### [AIM OF THE EXERCISE]
Output exactly, in the material below, the lines from the one with "LEGO: la lettera" through the one with "ଓଡ଼ିଆ ସାହିତ୍ୟ ଓଡିଶା". Omit all pictures.

*** RECORDS SHOWN

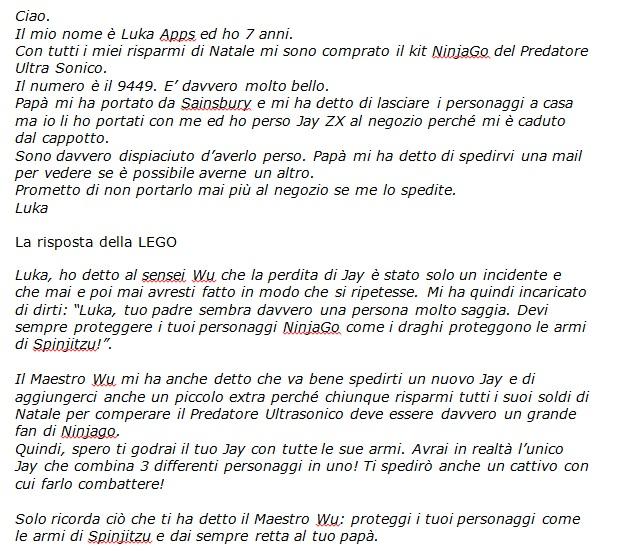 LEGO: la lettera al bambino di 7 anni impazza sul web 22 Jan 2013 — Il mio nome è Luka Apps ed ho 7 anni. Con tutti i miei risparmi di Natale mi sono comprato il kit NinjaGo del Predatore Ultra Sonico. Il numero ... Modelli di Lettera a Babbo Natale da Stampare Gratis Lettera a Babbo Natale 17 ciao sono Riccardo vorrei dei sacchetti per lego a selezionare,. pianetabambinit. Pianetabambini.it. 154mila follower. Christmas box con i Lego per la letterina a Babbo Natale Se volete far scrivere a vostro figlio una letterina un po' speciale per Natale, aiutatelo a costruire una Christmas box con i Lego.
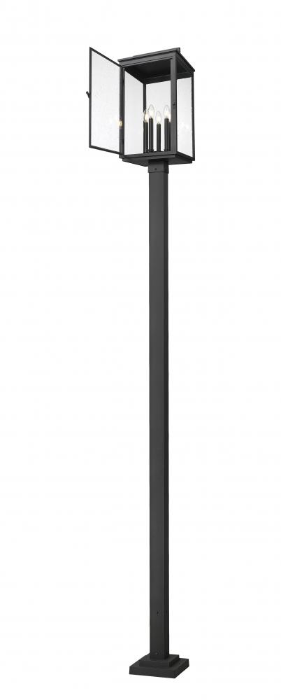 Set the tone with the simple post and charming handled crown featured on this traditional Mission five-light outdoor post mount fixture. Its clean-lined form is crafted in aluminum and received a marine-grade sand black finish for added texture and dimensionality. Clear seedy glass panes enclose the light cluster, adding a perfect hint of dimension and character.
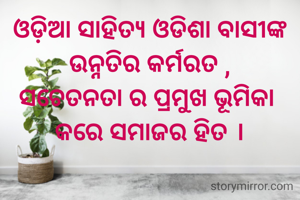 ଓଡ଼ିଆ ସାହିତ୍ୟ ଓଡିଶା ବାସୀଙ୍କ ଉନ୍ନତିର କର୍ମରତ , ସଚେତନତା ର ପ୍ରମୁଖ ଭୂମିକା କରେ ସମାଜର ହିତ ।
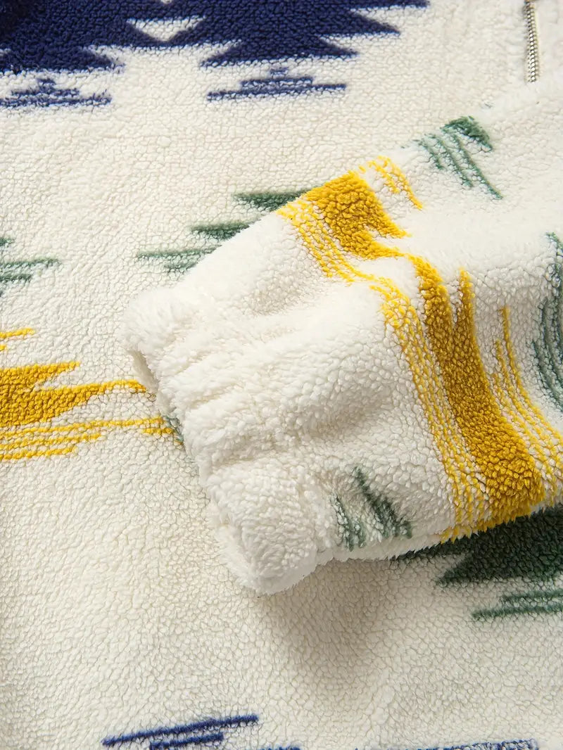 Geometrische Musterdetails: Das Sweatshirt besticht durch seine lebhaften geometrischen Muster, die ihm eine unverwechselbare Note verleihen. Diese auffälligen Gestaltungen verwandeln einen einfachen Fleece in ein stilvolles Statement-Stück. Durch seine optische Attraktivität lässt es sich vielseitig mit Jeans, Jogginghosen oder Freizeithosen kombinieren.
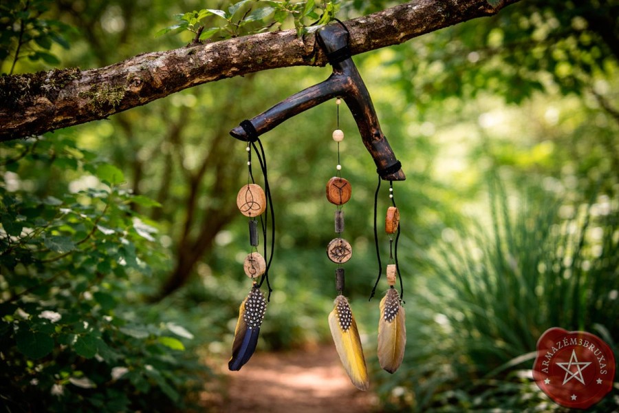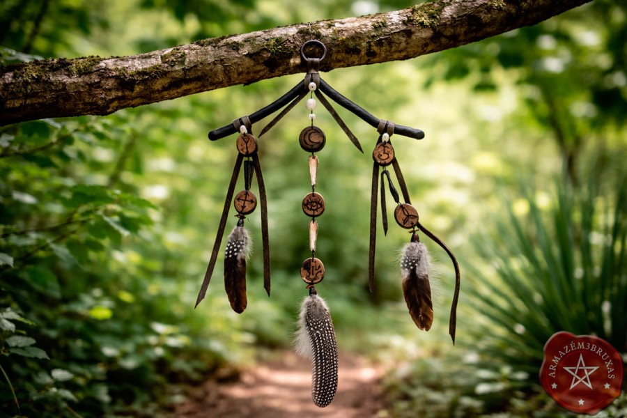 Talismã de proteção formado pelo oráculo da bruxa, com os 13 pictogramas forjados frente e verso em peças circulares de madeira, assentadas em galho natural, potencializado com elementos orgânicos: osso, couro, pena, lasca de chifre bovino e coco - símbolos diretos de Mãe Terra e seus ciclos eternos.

******
*** RECORDS SHOWN

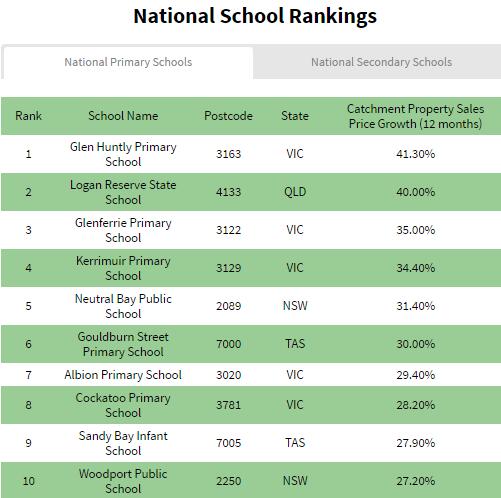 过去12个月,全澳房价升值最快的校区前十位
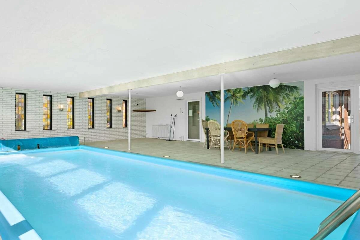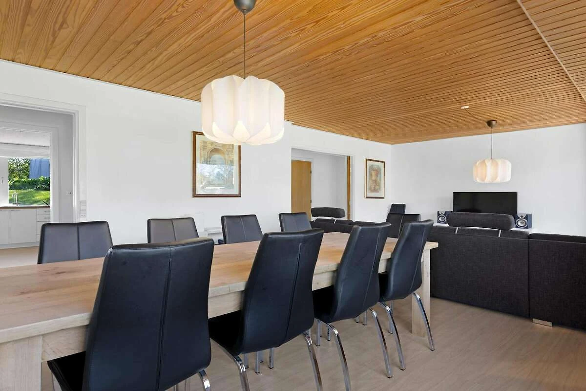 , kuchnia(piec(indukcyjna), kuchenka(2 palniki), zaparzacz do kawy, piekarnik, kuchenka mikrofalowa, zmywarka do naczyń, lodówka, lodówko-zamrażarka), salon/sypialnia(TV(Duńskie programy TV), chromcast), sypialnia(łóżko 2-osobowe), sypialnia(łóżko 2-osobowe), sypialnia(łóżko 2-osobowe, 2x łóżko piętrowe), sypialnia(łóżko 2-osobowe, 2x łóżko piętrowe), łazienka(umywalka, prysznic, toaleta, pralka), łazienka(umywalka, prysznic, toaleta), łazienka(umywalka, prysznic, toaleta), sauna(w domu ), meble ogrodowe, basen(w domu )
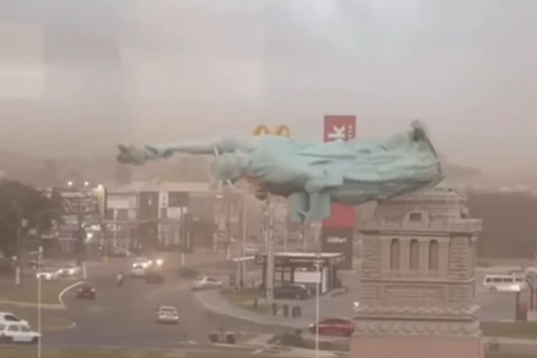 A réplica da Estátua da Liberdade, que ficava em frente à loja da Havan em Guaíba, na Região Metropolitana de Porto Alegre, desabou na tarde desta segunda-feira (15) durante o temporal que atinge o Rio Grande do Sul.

******

### [RESULT OF THIS TASK]
 LEGO: la lettera al bambino di 7 anni impazza sul web 22 Jan 2013 — Il mio nome è Luka Apps ed ho 7 anni. Con tutti i miei risparmi di Natale mi sono comprato il kit NinjaGo del Predatore Ultra Sonico. Il numero ... Modelli di Lettera a Babbo Natale da Stampare Gratis Lettera a Babbo Natale 17 ciao sono Riccardo vorrei dei sacchetti per lego a selezionare,. pianetabambinit. Pianetabambini.it. 154mila follower. Christmas box con i Lego per la letterina a Babbo Natale Se volete far scrivere a vostro figlio una letterina un po' speciale per Natale, aiutatelo a costruire una Christmas box con i Lego.
 Set the tone with the simple post and charming handled crown featured on this traditional Mission five-light outdoor post mount fixture. Its clean-lined form is crafted in aluminum and received a marine-grade sand black finish for added texture and dimensionality. Clear seedy glass panes enclose the light cluster, adding a perfect hint of dimension and character.
 ଓଡ଼ିଆ ସାହିତ୍ୟ ଓଡିଶା ବାସୀଙ୍କ ଉନ୍ନତିର କର୍ମରତ , ସଚେତନତା ର ପ୍ରମୁଖ ଭୂମିକା କରେ ସମାଜର ହିତ ।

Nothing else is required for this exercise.